Utah Court of Appeals
When does the statute of limitations begin for breach of contract claims involving dissolved corporations? Hunter v. Finau Explained
Summary
David Hunter, assignee of ICON Sports, sued the Finaus personally for breach of 2007 agreements providing ICON with loans and equity interests in the Finau Corporation, which was designed to facilitate investment in the professional golf careers of Tony and Gipper Finau. The district court dismissed all claims as time-barred, finding that the dissolution of the Finau Corporation in 2009 triggered the statute of limitations, not the Finaus’ later professional success.
Practice Areas & Topics
Analysis
The Utah Court of Appeals in Hunter v. Finau addressed a critical timing question: when does the statute of limitations begin to run for breach of contract claims when the contracting entity has been dissolved? The court’s analysis provides important guidance for practitioners handling corporate investment disputes.
Background and Facts
In 2007, ICON Sports entered into loan and equity agreements with the Finau Corporation, created to facilitate investment in the professional golf careers of Tony and Gipper Finau. The Loan Agreement provided a $495,000 interest-free loan to be repaid through “50% of all Finau Corporation revenue and winnings of participant golfers.” The Equity Agreement gave ICON a 20% equity position, with the understanding that “all monies, contracts and business properties” would flow into the corporation for members’ benefit. The Finau Corporation was dissolved in 2009, but the Finau brothers later achieved substantial professional success. David Hunter, ICON’s assignee, sued the Finaus personally in 2021 for breach of contract, breach of the covenant of good faith and fair dealing, and unjust enrichment.
Key Legal Issues
The primary issue was whether the statute of limitations began running when the Finau Corporation was dissolved in 2009, or later when the Finau brothers began earning substantial money from their golf careers. Hunter argued that no breach occurred until the Finaus had money to pay, invoking both condition precedent and anticipatory breach theories. He also claimed the discovery rule should toll the limitations period.

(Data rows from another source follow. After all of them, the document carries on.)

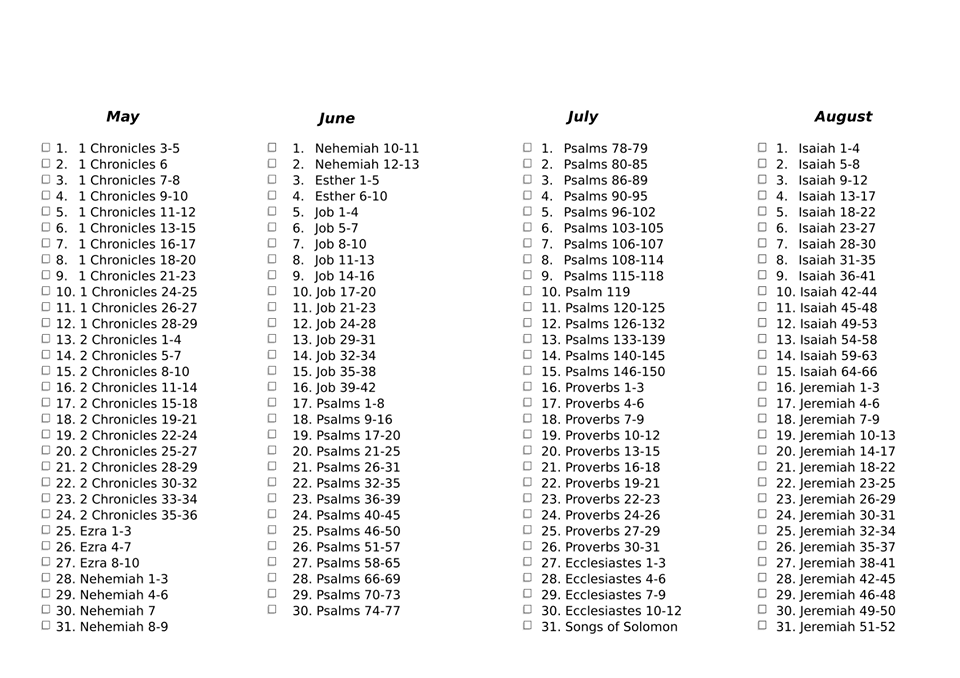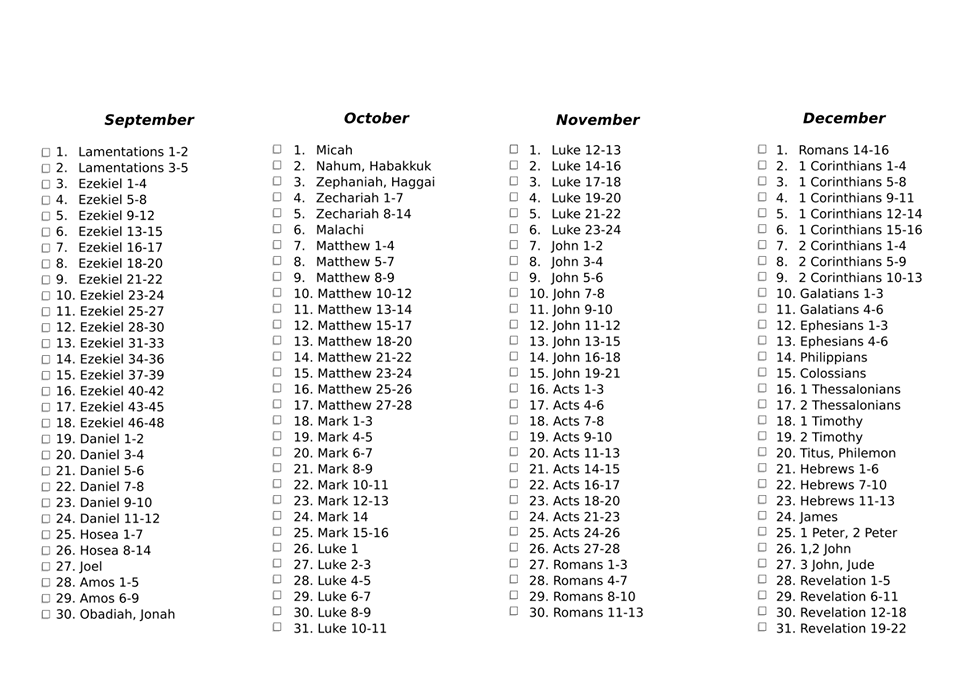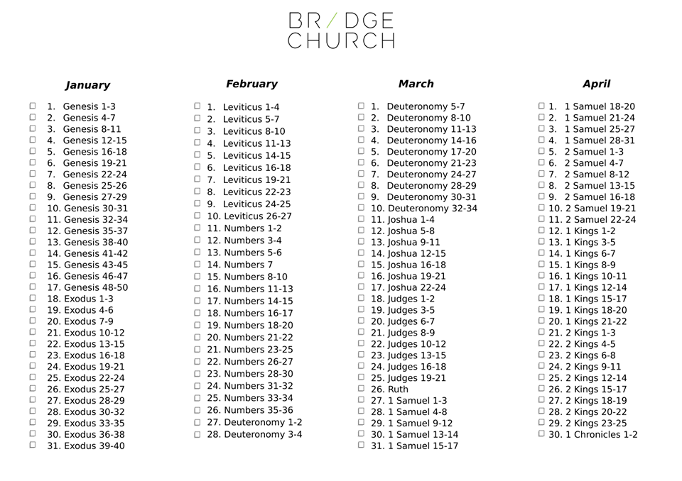 Attached below are the files for the 2018 Bible Reading Plan
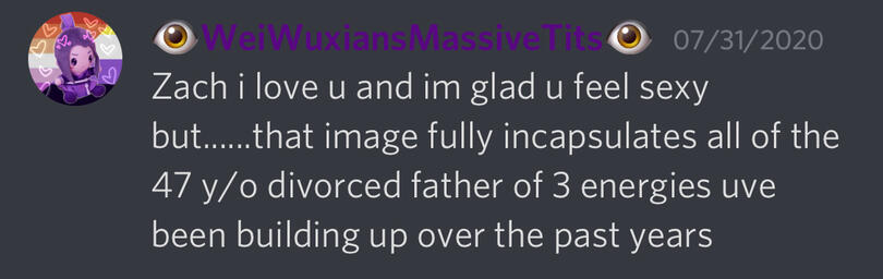 [IMG Description. Discord screenshot using the dark theme. Dated 07/31/2020, it is from a person nicknamed "👁️WeiWuxiansMassiveTits👁️" in a dark purple and reads "Zach i love u and im glad u feel sexy but......that image fully incapsulates all of the 47 y/o divorced father of 3 energies uve been building up over the past years" END DESCRIPTION]
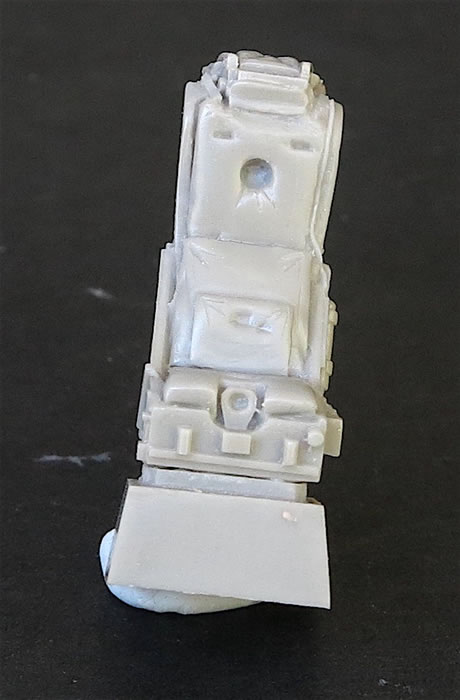 CMK has well captured the shape of the Martin Baker seat. Detail is good – not as crisp as that achieved by some other resin detail manufacturers, but fine for this scale. The seat’s padding and other nooks and crannies will lend themselves well to painting and weathering. Casting quality is reasonably good; there are a couple of minor, almost unnoticeable blemishes on one of the armrests of the review sample, and what appeared to be a fragment of material from the mould stuck to the top left hand side of the seat frame. This was however easily removed with a curved probe.
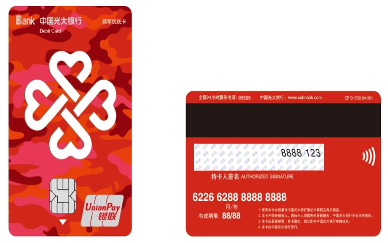 在金融服務產(chǎn)品方面,光大銀行面向軍人、退役軍人發(fā)行“擁軍優(yōu)撫”專屬聯(lián)名卡,優(yōu)撫對象可以憑軍官證、士兵證、退役證等有效證件在該行營業(yè)網(wǎng)點柜臺辦理賬戶開立并免收卡片工本費,“擁軍優(yōu)撫”專屬銀行卡在全國統(tǒng)一實現(xiàn)兩個專屬服務和十項優(yōu)惠政策。
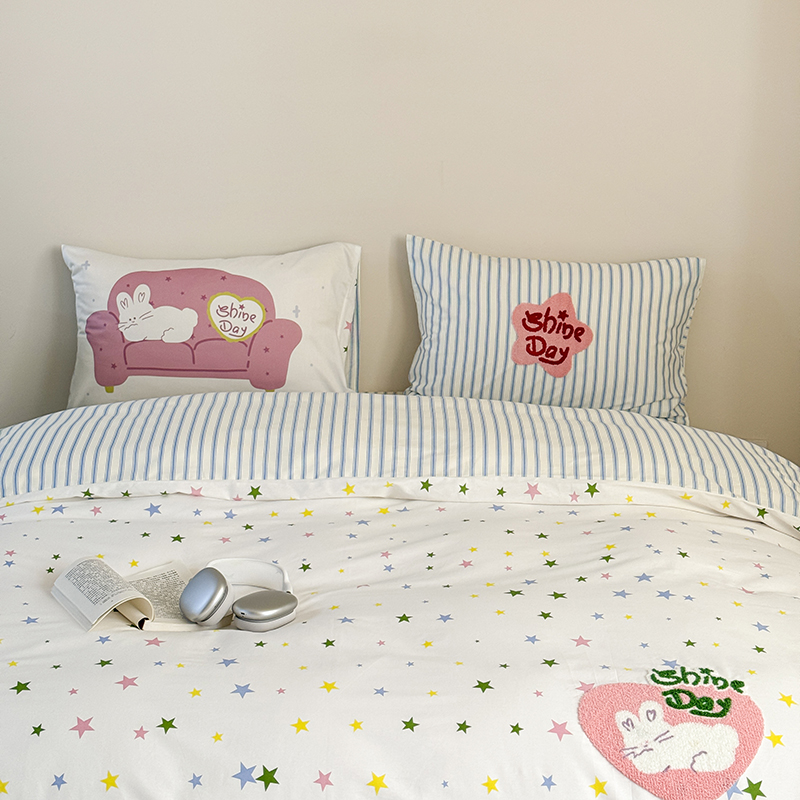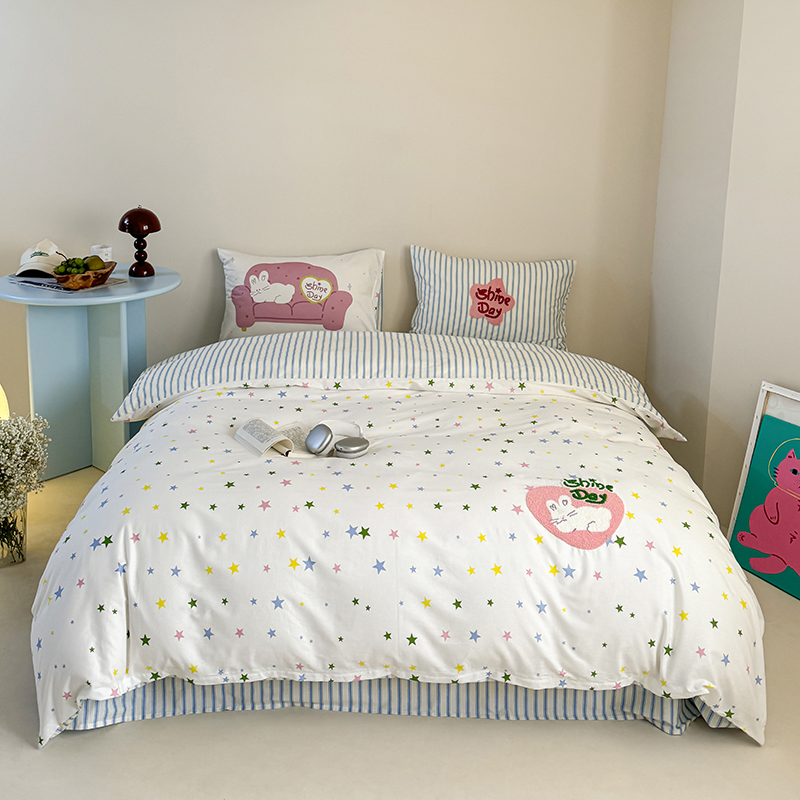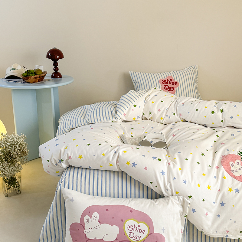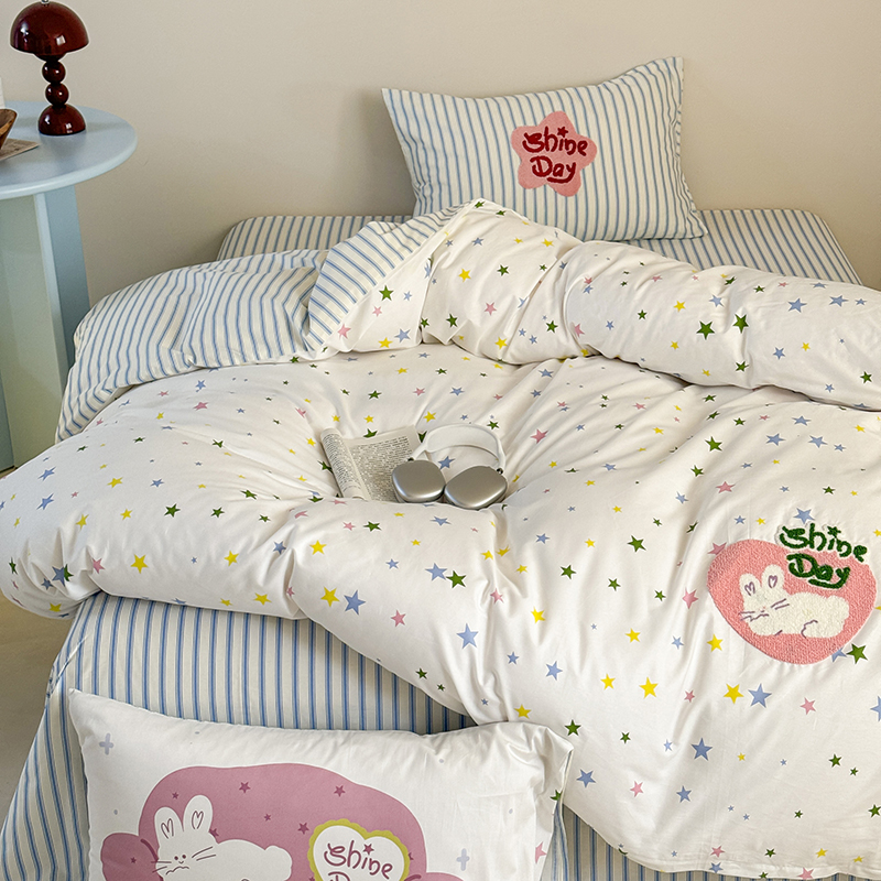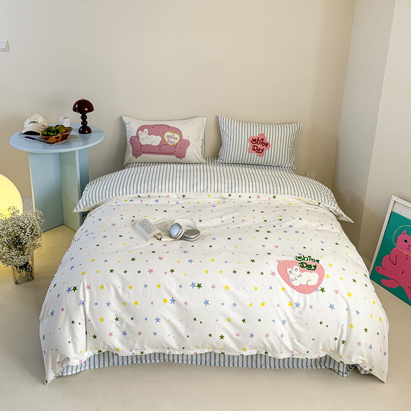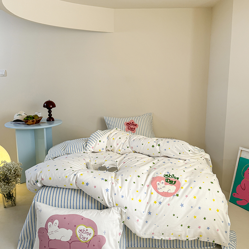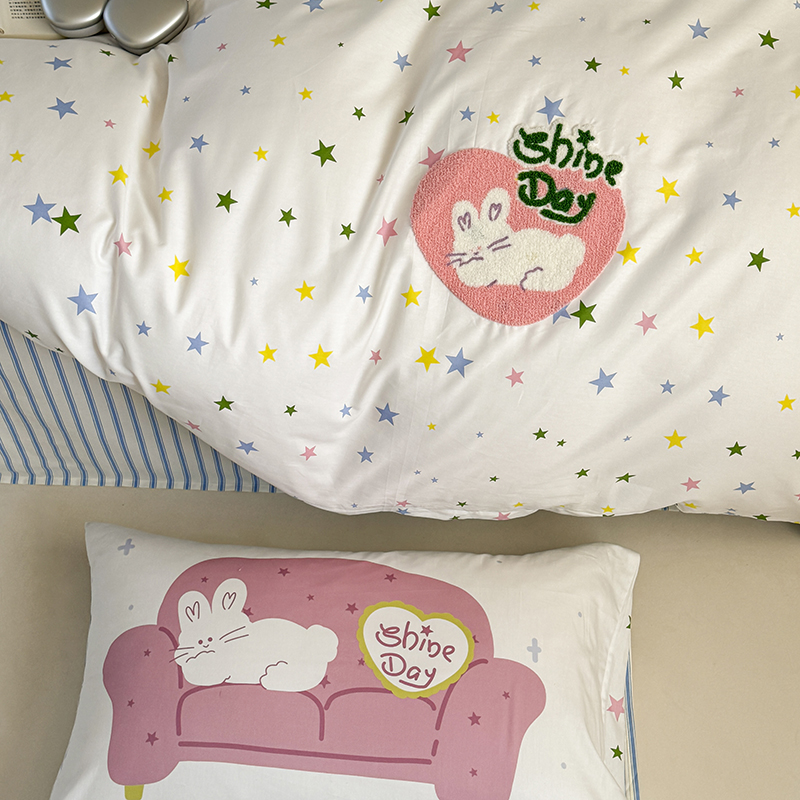 2024新款全棉数码毛巾绣ins系列四件套 沙发兔
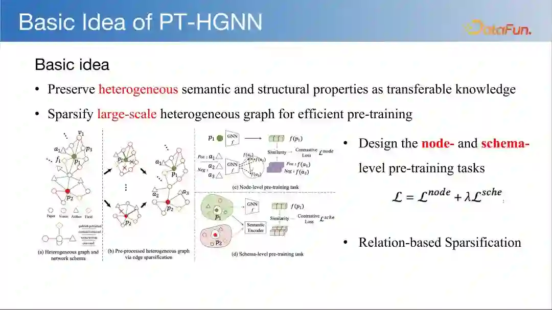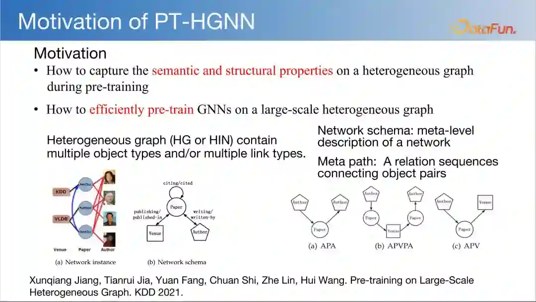 PT-HGNN 的动机在于如何对异质图进行预训练,以保留其结构和语义特性,用于对大规模图数据的处理。异质图是包含不同类型节点和边的图结构,能够更精准地刻画复杂交互系统。网络模式(network schema)是对图中节点间交互模式的一种描述。元路径(meta path)是指连接两个节点的关系序列,揭示了节点间是通过何种路径在图中进行连接的。在异质图领域,我们已开展了大量工作,并在工业界取得了良好的应用效果。如果对这部分内容感兴趣,可以查阅相关材料。
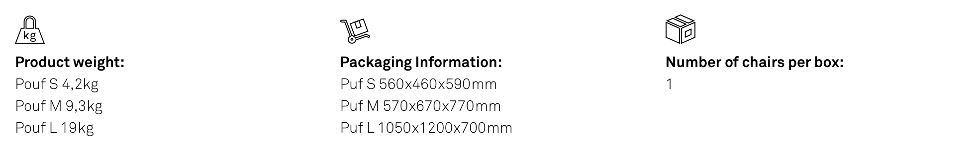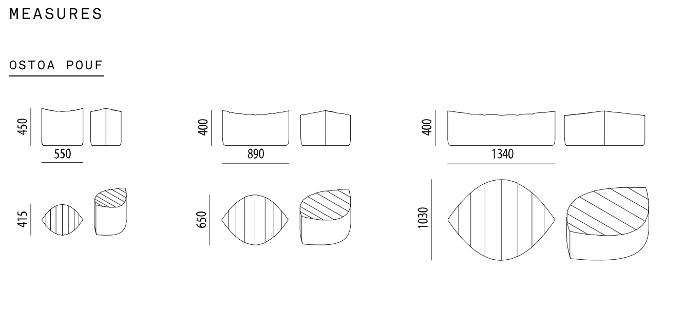 Poufs collection available in 3 different dimensions: S, M y L.
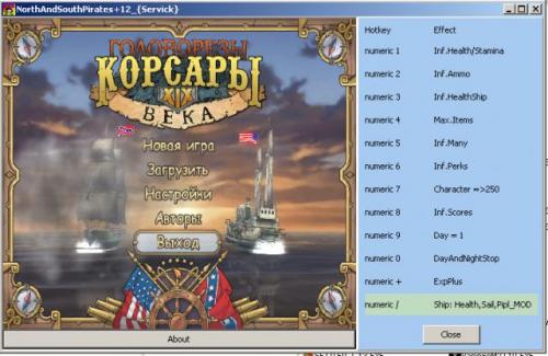 Игра: North and South Pirates Названия: North and South Pirates / Swashbucklers: Blue vs. Grey / Головорезы: Корсары XIX века Трейнер + 12 и (мод - файлы) Описание: (полное описание в архиве) Numeric 1 - Inf.Health/Stamina (Беск. здоровье/энергия) Numeric 2 - Inf.Ammo (Беск. патроны, заряды коробля) Numeric 3 - Inf.HealthShip (Беск. здоровье корабля (только для "Алабамы")) Numeric 4 - Max.Items (Беск. предметы 3000шт. при продаже / покупке ) Numeric 5 - Inf.Many (Беск. деньги 100000 покупка/продажа) Numeric 6 - Inf.Perks (Беск. перки ) Numeric 7 - Character =>250 (уровень характеристик) Numeric 8 - Inf.Scores (Беск. очки) Numeric 9 - Day = 1 (сброс/заморозка 1 -ый день) Numeric 0 - DayAndNightStop (Остановка времени суток) Numeric + - ExpPlus (ускоренный подъём уровней) Numeric / - Ship: Health,Sail,Pipl_MOD - (восстановление здоровье корабля, парусов, количества людей на глобальной карте)
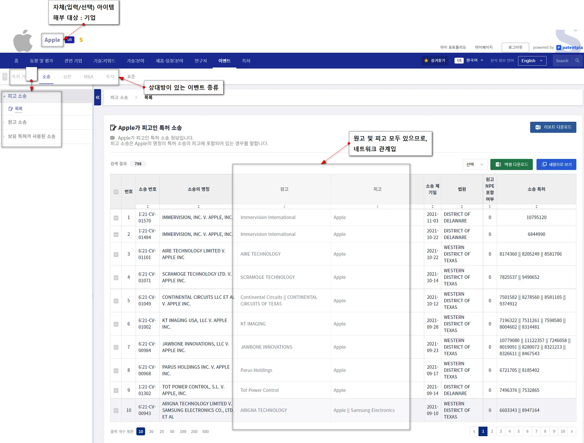 소송이나 (당사자/상대방이 있는)심판에 사용된 특허는 특히 중요합니다. 특허 소송은 엄청난 규모의 총비용(법률 비용, 손실, 합의금, 배상금 등)이 동반되고, 시장에서의 사활이 걸린 이벤트입니다. 이에 따라, 제품/서비스의 시장 규모, 기업의 실시 규모 등이 동반되지 않으면 발생하지 않는 것이 일반적입니다. 이러한 환경에서도 특허 소송이 발생한다면, 그 소송에 사용된 특허는 핵심 특허 중 핵심 특허가 됩니다.
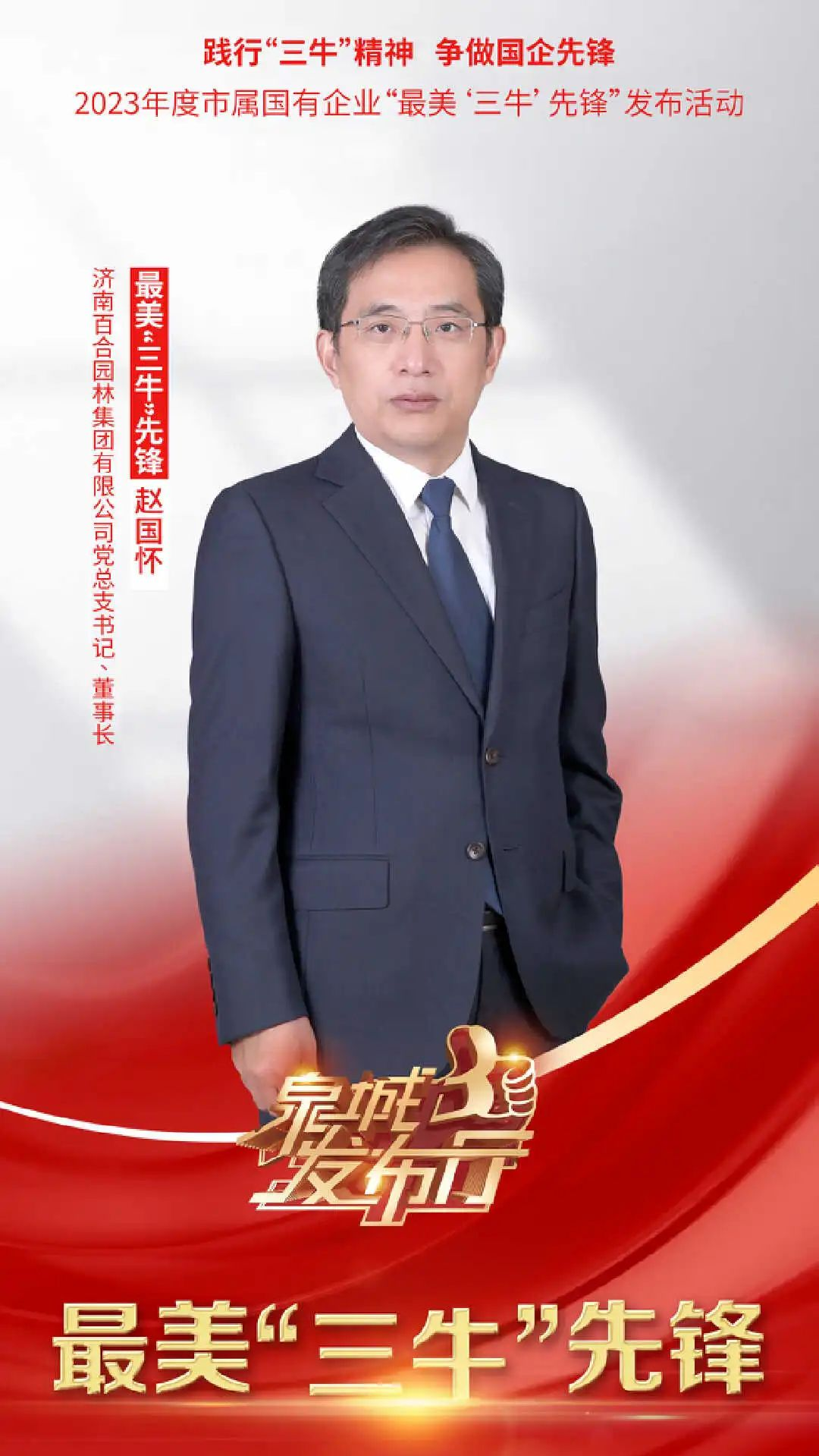 踐行“三牛”精神,爭做國企先鋒。12月14日,2023年度市屬國有企業“最美‘三牛’先鋒”發布活動在濟南廣播電視臺演播大廳舉行。活動現場,對10位“最美‘三牛’先鋒”的事跡進行了發布,并為“最美‘三牛’先鋒”頒獎。集團權屬單位濟南百合園林集團有限公司黨總支書記、董事長趙國懷獲評“最美‘三牛’先鋒”。
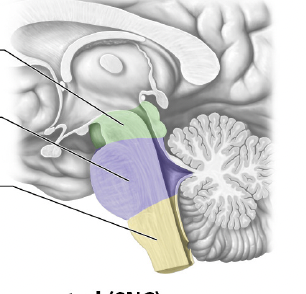 Nommez les différentes parties du tronc cérébral selon les couleurs

Court’s Analysis and Holding
The court of appeals reviewed the dismissal for correctness and affirmed. The court emphasized that the plain language of the agreements placed the Finau Corporation in a “central role” and “key position” within the contractual relationship. Crucially, Hunter’s own complaint alleged that dissolution was “a deliberate attempt to avoid paying” and was “contrary to the Parties’ intent.” The court found these allegations demonstrated that dissolution constituted the breach by rendering continued performance impossible. The court rejected Hunter’s anticipatory breach argument as unpreserved, noting the distinction between condition precedent and anticipatory breach theories. The discovery rule did not apply because Hunter’s predecessor was aware of the dissolution when it occurred.
Practice Implications
This decision highlights the importance of careful pleading in contract cases involving dissolved entities. Hunter’s detailed allegations about the corporation’s central role and the deliberate nature of dissolution ultimately undermined his statute of limitations arguments. Practitioners should also note the court’s strict approach to preservation requirements—Hunter’s failure to raise anticipatory breach theories below prevented appellate review. For transactional attorneys, the case demonstrates the need for clear language about post-dissolution obligations when drafting investment agreements involving corporate entities.
Case Details
Case Name
Hunter v. Finau
Citation
2024 UT App 17
Court
Utah Court of Appeals
Case Number
No. 20210864-CA
Date Decided
February 15, 2024
Outcome
Affirmed
Holding
The statute of limitations for breach of contract, breach of covenant of good faith and fair dealing, and unjust enrichment claims began to run when the Finau Corporation was dissolved in 2009, not when the golfers later earned money, making all claims filed in 2021 time-barred.
Standard of Review
Correctness
Practice Tip
When drafting investment agreements involving corporate entities, consider including express language about when obligations survive corporate dissolution to avoid statute of limitations issues.